Here are the longest palindromes at center and mirrored_center :
| a | x | y | x | a | x | y | x | b |
The palindrome at mirrored_center extends past the start of the old palindrome. Because the old palindrome is the longest it can be, we know that the characters directly before and after it are not the same (the 'a' and the 'b'). Hence, if the mirrored_center palindrome extends past the edge of the old palindrome, the palindrome at center cannot.
Case 3
else: # radii[mirrored_center] == max_mirrored_radius
radius = max_mirrored_radius
breakThis else statement runs if radii[mirrored_center] equals max_mirrored_radius . In other words, if the palindrome at mirrored_center ends exactly at the bounds of the old palindrome.
Here is the previous example, but with the first and last characters swapped (this is very important!).

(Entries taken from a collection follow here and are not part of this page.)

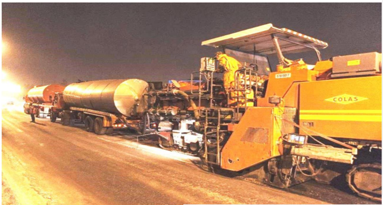
TRAVAUX DE RENFORCEMENT DE L'AXE BOUAKE- FERKESSEDOUGOU

Ce document présente l'évolution trimestrielle des réalisations physique et financière de 19 projets nationaux à caractère intégrateur
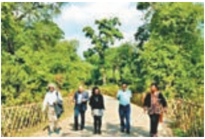
■我們進入邁古茶樹林。

山下雲海茫茫，山間繚繞着白蒙蒙的霧海。這便是普洱茶樹的原產地和中心地帶。這裡古茶園佔地面積二萬八千畝，採茶面積一萬二千畝。 這些千年古茶樹，其實並不特別聳拔，與森林喬木混生，一般生長在參天大樹掩映之下。 因樹齡特別高，歷經滄桑，長滿苔蘚、藤蔓、寄生蘭花、野菌類等。 據同行的一位拉祜族姑娘說，在千年古樹上寄生一種「螃蟹腳」的植物，比普洱茶更名貴，對治療癌症很有功效。 可惜我們找遍古茶樹，仍未發現「螃蟹腳」。 拉祜人說，如果找到「螃蟹腳」，就是找到幸福的人——幸福離我們這些現代人何其遠也！（《我與普洱》之四）
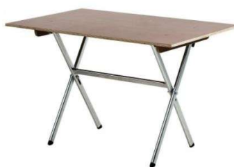
LBH 100x60x74 (4 personen)
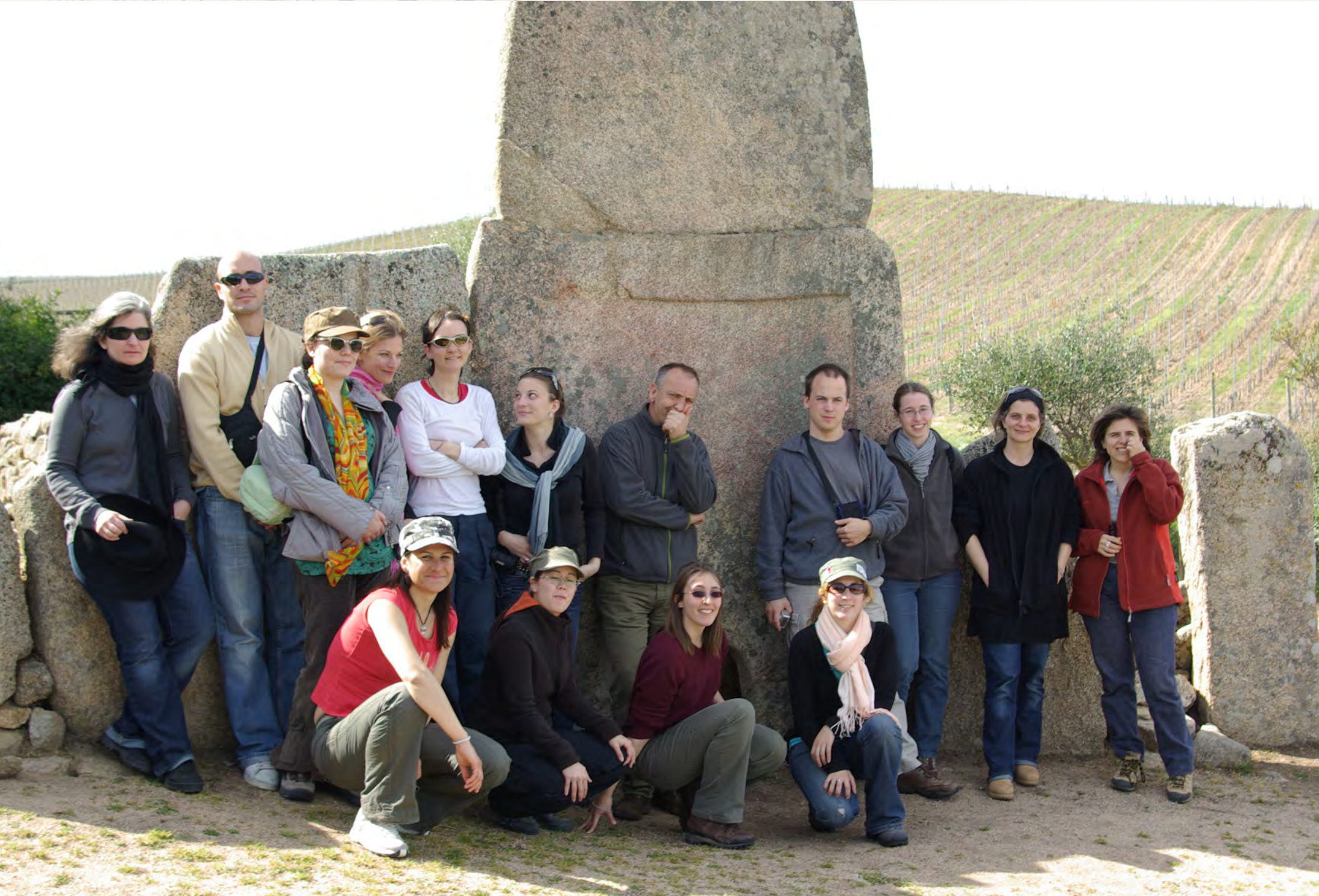
Photo de groupe : parce que l'archéologie, c'est surtout un travail d'équipe !!!

| b | x | y | x | a | x | y | x | a |
So our mirrored palindrome ends exactly at the left bound of the old palindrome.
| b | x | y | x | a | x | y | x | a |
What about the palindrome at center ? Well, we don't know the rightmost character yet (remember, this is outside of the old palindrome). We only know that it is not 'b'. If it is indeed an 'a', we can extend the palindrome at center .
| b | x | y | x | a | x | y | x | a |
But it could be another character, in which case we can't extend the palindrome.
| b | x | y | x | a | x | y | x | z |
Therefore, we break the loop, and go back to the first step. With our new center , we can now try to extend our palindrome as far as possible.